Which comes first, life or death?

I just recently began Beth Moore’s 90 Days with the One and Only.
It’s a devotional all about Jesus.
I thought it would be a perfect devotional to begin during Lent,
since what I really want right now is to be focused on Jesus as I journey towards Easter.
It’s always amazing to me, although by now I should expect it,
how God uses scripture and devotions to speak into my life,
for the exact time and season that my life is in.
This week’s readings have all been about Jesus’ birth.
The beginning.
In some ways it has felt strange to “look back” at the themes of Christmas
while I am walking towards the torment and death of my Savior,
but this morning it struck me that this circle of life is what every day is about…

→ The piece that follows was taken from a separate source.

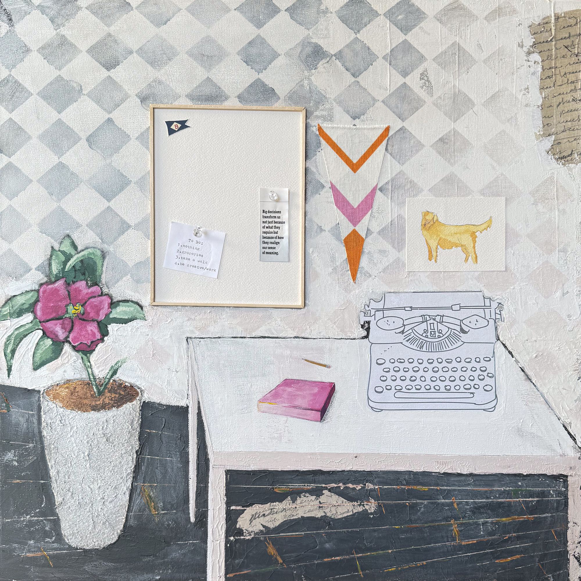 Acrylic, wood, paper, graphite, and fabric on canvas

new life and death, death and new life.
Yes, we all are born, live and die.  But that is not really what I am talking about.
In all common sense, I think we would all say that life comes before death.

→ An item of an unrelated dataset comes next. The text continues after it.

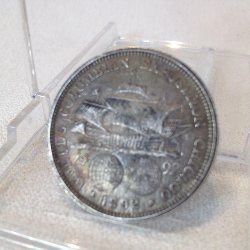 This lot is a 1892 Columbian Exposition Half Dollar. It has not been appraised for condition and we are not numismatics but would classify this as slightly less than good. The opening bid is $15.00.

You have to be born in order to die, right?
Well, if you are thinking of it that way, yes.
In the midst of doing life, however, 
I am realizing that you really can’t have life without death first.
Yep, it’s the whole chicken and the egg thing…
Oh, I am alive and I am living life.  I love my life.
I love my family, my husband, my kids, my friends, my home.
Life is amazing and beautiful, but in all honesty, it’s also hard.
Things don’t always go the way I would have them go.
My kids don’t always act the way I would like them to act.
I do not always react to people or situations with patience or kindness.
I do not always like how others act or how I act,
and I don’t always respond very well to that.
To truly experience the joy of life,
I need to die to this idea that my way is the way.
To live as Christ,
I must surrender my life to him, let go of all I want to control.
It’s hard to do, and painful at times.
It means acknowledging that I don’t know it all and can’t control it all.
I am not perfect (ouch!) and that is ok.
It means taking a good look at myself, how I interact and react to people and situations,
living in forgiveness and doing the hard work of changing.
And so today, I am reminded of the joy of new life,
the sweetness of a baby’s smile,
the freshness of a Spring morning,
the gift of God’s mercy and grace,
all of which I can never enjoy to the full unless I look outside myself
and surrender all I can not control, which is really everything.
Today I stand humbly before the manger
and humbly before the cross,
in awe of the life that Jesus lived, sacrificed and gave all for us.
Thankful for a death that in turn gives new life.